Create something valuable for your clients
Though increasing your rate is beneficial, be modest enough to acknowledge if you deserve it or not. As you already know, your clients are business people and they invest in you because they believe you can help build and grow their business. However, if you can’t offer that advantage to them, rethink if freelancing, or the service you’re offering, is really for you. You need to justify their investment, so you have to put your best foot forward, too.
These are simple recommendations that can help you add value to your client’s business:
- Make every output excellent.
- If your client is reasonably not satisfied with your outputs, go out of your way to find out solutions to remedy the problem.
- Make sure to meet the deadline.
- Keep positive and open communication with your client, even if you get annoyed by them sometimes.

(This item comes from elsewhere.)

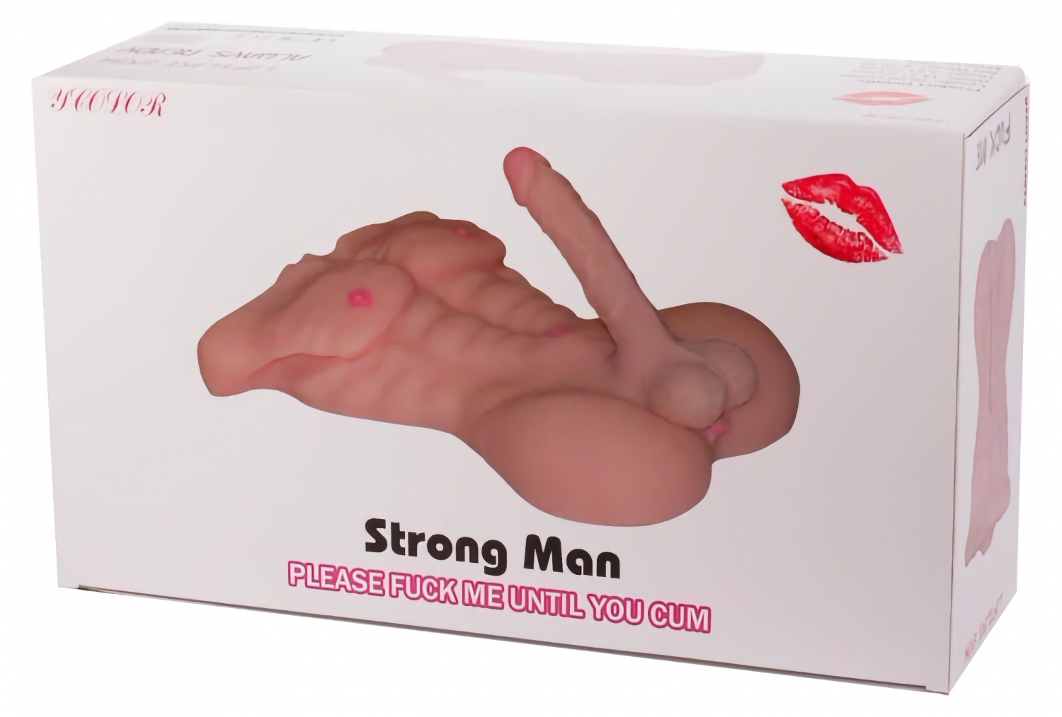 Strong Man este un torso-masturbator creat cu atenție la detalii, concretizat din TPR moale, similar pielii. Modelul imită trunchiul bărbătesc cu pectorali și abdomen, conține orificii realiste și un dildo inserabil de 17 cm (diametru 4 cm). Baza plată și greutatea de 6,25 kg aduce stabilitate în utilizare. Dimensiuni totale: 51 x 36 cm.

- Find ways to be more efficient and productive. While automation can boost your client’s profit margin, it can also improve your consistency and quality of work.
- Remember to build and nurture partnerships and relationships. Your clients are also human beings that have the need to interact and build rapport with others. Even if you’re too busy coding or designing your project, make sure to take care of the relational aspect of freelancing, too.

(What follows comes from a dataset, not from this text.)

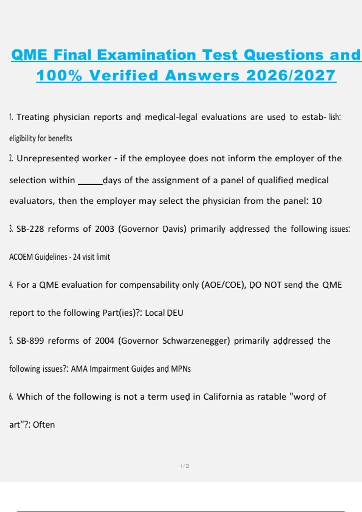 QME Final Examination – Test Questions and 100% Verified Answers, 2026/2027

Invest aggressively in educating yourself
Before you can justify a rate increase, you have to prove your worth. This doesn’t mean you have to go to school again and finish another degree. This only means you have to be proactive in finding the means to educate and improve yourself. And it doesn’t end there, you also have to demonstrate your skills through work-related applications and work samples.
Develop a specialty
When you’re freelancing, you have to remember that you won’t earn as much if you take the Jack of all trades but master of none route. Instead of being a generalist, choose a niche or area of specialization and master it.

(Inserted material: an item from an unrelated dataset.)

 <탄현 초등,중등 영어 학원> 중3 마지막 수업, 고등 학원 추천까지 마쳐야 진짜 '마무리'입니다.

If you want to be a top-caliber WordPress developer, be aggressive in learning everything you need to know about the job. Hone your skills until you can master everything about the program. If you want to be a highly paid copywriter, master topics like SEO, digital marketing, social media, and so on. All these can help you be a well-versed copywriter ready to upgrade your clients’ businesses.
Clients are willing to pay for experts. But when you do too many things at the same time, your reputation as a subject matter expert can be compromised. This can also compromise your chances of pegging higher freelance rates.
Publish your rates on your website
Experts suggest that you can successfully increase your rate if you include a pricing page on your website. You need to get paid for what you’re worth. If you publish your freelance rates on your website, it’s easy to set the right precedent and persuade the right clients to partner with you.
It would be best if you can create an official pricing sheet including the following:
- Rush project rates
- Cross-sell or upsell services
- Hourly update or maintenance work
- Industry-specific rate
- Per project rate
When you set the price for your service, you eliminate clients who can’t afford your rate. Those who can afford to pay you will also be able to set their budgets from the get-go. It’s a win-win for you and the client.
While knowing and implementing these things can be confusing and challenging, one thing is for sure. Freelancing may not be for everyone, but if you’re willing to learn the trade and improve yourself, you can successfully make it in this industry.